Keywords: Chronic rhinosinusitis, flow cytometry, nasal polyps, B cells
B cells play a fundamental role in the adaptive immune response at mucosal surfaces. Once activated, naive B cells develop into antibody-secreting plasmablasts, plasma cells, or memory B cells.1,2 The initial and rapid B-cell antibody responses are dominated by plasmablasts located in the peripheral immune organs. These plasmablasts undergo clonal expansion, which leads to the generation of large amounts of terminally differentiated short-lived antibody-producing plasmablast cells.3 These plasmablast cells are able to differentiate further into long-lived plasma cells that continue to produce antibodies long term and are capable of increased survival and circulation throughout the body.4 Memory B cells are long-surviving cells, which, on secondary encounter with the same antigen to which the naive B cells were exposed, respond at a faster rate and with a more robust antibody response.3,5
Chronic rhinosinusitis (CRS) is an inflammatory disease characterized by a unique inflammatory microenvironment. Recent studies demonstrated that B cells and their chemoattractants are elevated in the nasal mucosa of patients with CRS with nasal polyposis (CRSwNP).6–8 Patients with CRSwNP have been documented to have elevated local immunoglobulin E (IgE) antibodies as well as autoantibodies in polyps; however, the study of naive B cells, plasmablasts, and memory B-cell subsets within the same patient with CRS is yet to be elucidated.6,9,10 By using flow cytometry in this study, we identified naive and effector B-cell subsets in the mucosa and the periphery of patients with CRSwNP, patients with CRS without nasal polyposis (CRSsNP), and the non-CRS controls.
METHODS
Patient Sample Collection
This study was approved by the human research ethics committee of the Queen Elizabeth Hospital, Adelaide, Australia. Representative tissue samples (polyps of patients with CRSwNP, and ethmoid mucosa of patients with CRSsNP and the controls) and blood specimens were prospectively collected at the time of endoscopic sinus surgery from controls, patients with CRSsNP, and patients with CRSwNP. The control patients were undergoing endoscopic sinonasal procedures for pituitary tumor resections and were without clinical or radiologic evidence of past or present sinus disease. The patients with CRS fulfilled the diagnostic criteria set out in the recent position papers by the American Academy of Otolaryngology and Head and Neck Surgery11 and the European Position Statement on Chronic Rhinosinusitis.12 The patients with CRS were further subclassified according to the absence or the presence of visible polyps within the middle meatus on nasal endoscopy. Exclusion criteria were minors, <18 years of age; pregnancy; malignancy; and immune disorders; and the use of antibiotics or oral corticosteroids in the month before surgery. All the patients provided informed written consent before enrollment. The patients were classified as atopic if they had positive radioallergosorbent test and/or skin-prick testing results. Demographic and clinical data were collected on all the patients before commencement of the study.
Cell Preparation
Tissue samples, which weighed >100 mg, were included in this study. The tissue was washed and dissected into pieces of ≤2 mm before being prepared in a single-cell suspension by enzymic digestion with 2 mg/mL collagenase type II (Sigma-Aldrich, St. Louis, MO) and 0.04 mg/mL DNAse I (Roche Applied Sciences, Vilvoorde, Belgium) for 45 minutes at 37°C. Cell suspensions were filtered through a 100-μm nylon mesh and washed in phosphate-buffered saline solution. Heparinized peripheral blood was lysed for 15 minutes by using Pharm Lyse (Becton Dickinson Biosciences, San Jose, CA).

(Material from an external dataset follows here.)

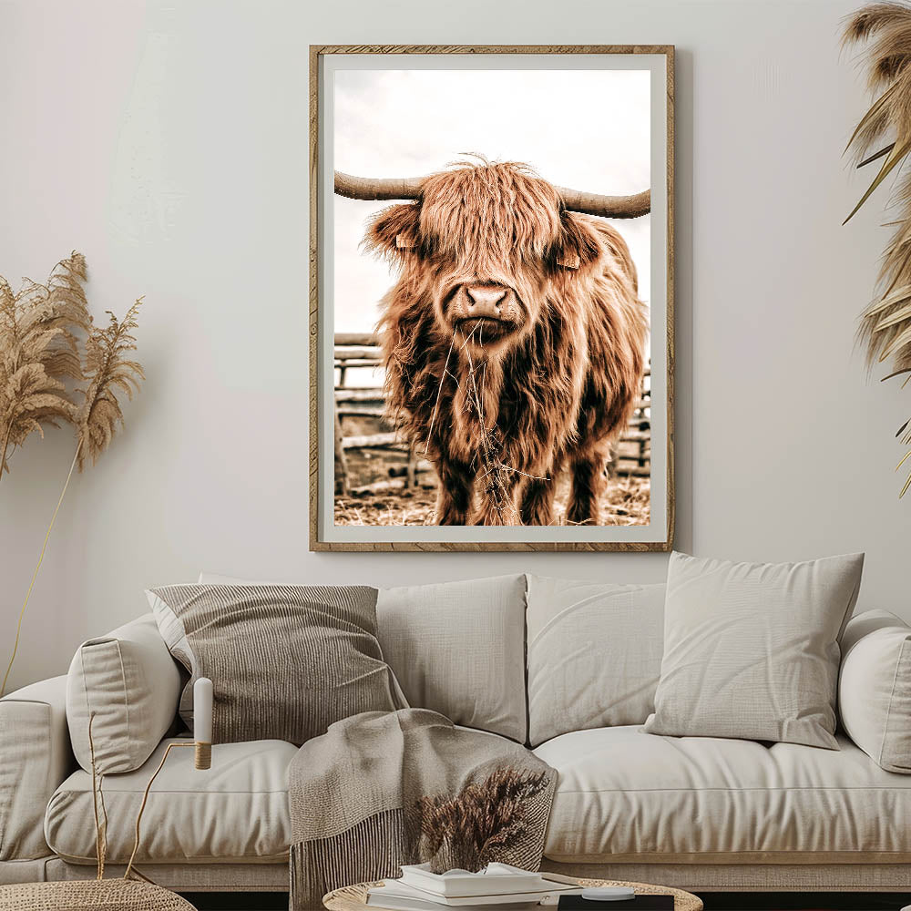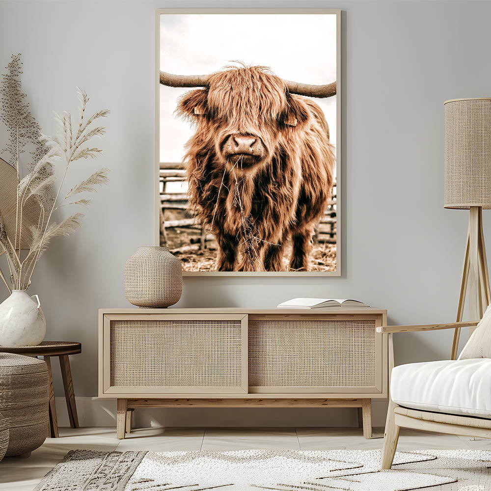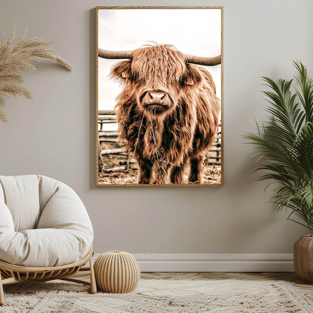Embrace the rustic charm of farm life with this stunning Highland cow wall art. Perfect for those looking to bring a touch of country living into their home, this vintage-inspired artwork features a close-up of a majestic Highland cow, known for its unique shaggy fur and gentle expression. The earthy tones and natural setting make it an ideal piece for any farmhouse or country-style decor.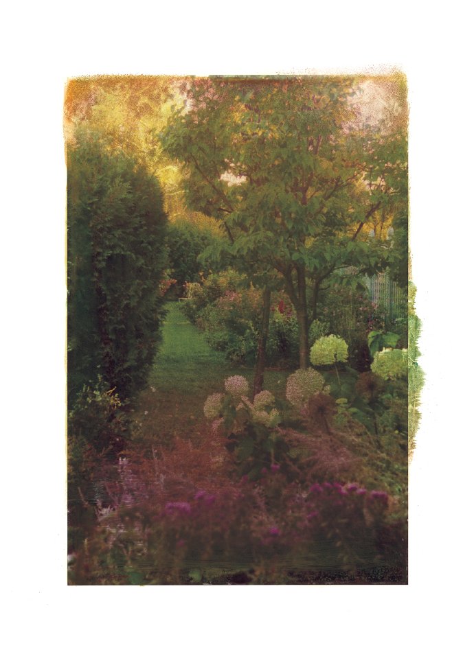 Like many artists, Ellen Phelan finds inspiration in nature. In 2008, she created a series of hazy, romantic views of her beloved gardens at Kenjockety, her estate in Westport. Combining photography, painting, and digital printing, she melds traditional artistic practive with modern technology to create this image of a hydrangea and cedars.

Flow Cytometric Immunophenotyping
The cells were stained with Fixable Viability Dye eFluor 780 (eBioscience, San Diego, CA) at 4°C for 30 minutes to exclude dead cells before staining with the following antibodies listed in Online Supplemental Table 1. Eight-color flow cytometry was performed by using a gating strategy based on fluorescence minus one controls as specified in Figure 1. Naive B cells were defined as CD19+ CD27− IgD+; plasmablasts were defined as CD19+ CD27+ IgD− CD38high; memory B cells were defined as CD19+ CD27+ IgD− CD38−.
Figure 1.
(A) Live cells were identified and (B) CD19+ immunoglobulin D+ (IgD), (C) CD27− cells were gated to identify CD19+ CD27− IgD+ naive B cells. (D) CD19+ CD27+ cells were identified and gated on (E) IgD− CD38high, and CD38− to identify CD19+ CD27+ IgD− CD38high plasmablasts. Plasma cells were gated on (F) CD19− and (G) CD27+ CD38+.
Statistical Analysis
The data were summarized by using means ± standard deviations, and medians (ranges). The Kruskal-Wallis test was used for the comparison of data from the three independent disease groups of patients. The Mann-Whitney test was used for comparison of two independent disease groups. All tests were two-tailed, and significance was assessed at the 5% alpha.
RESULTS
Patients
Samples from a total 45 patients (16 patients with CRSwNP, 16 patients with CRSsNP, and 13 controls) were used for this study. Patient demographic information is summarized in Online Supplemental Table 2.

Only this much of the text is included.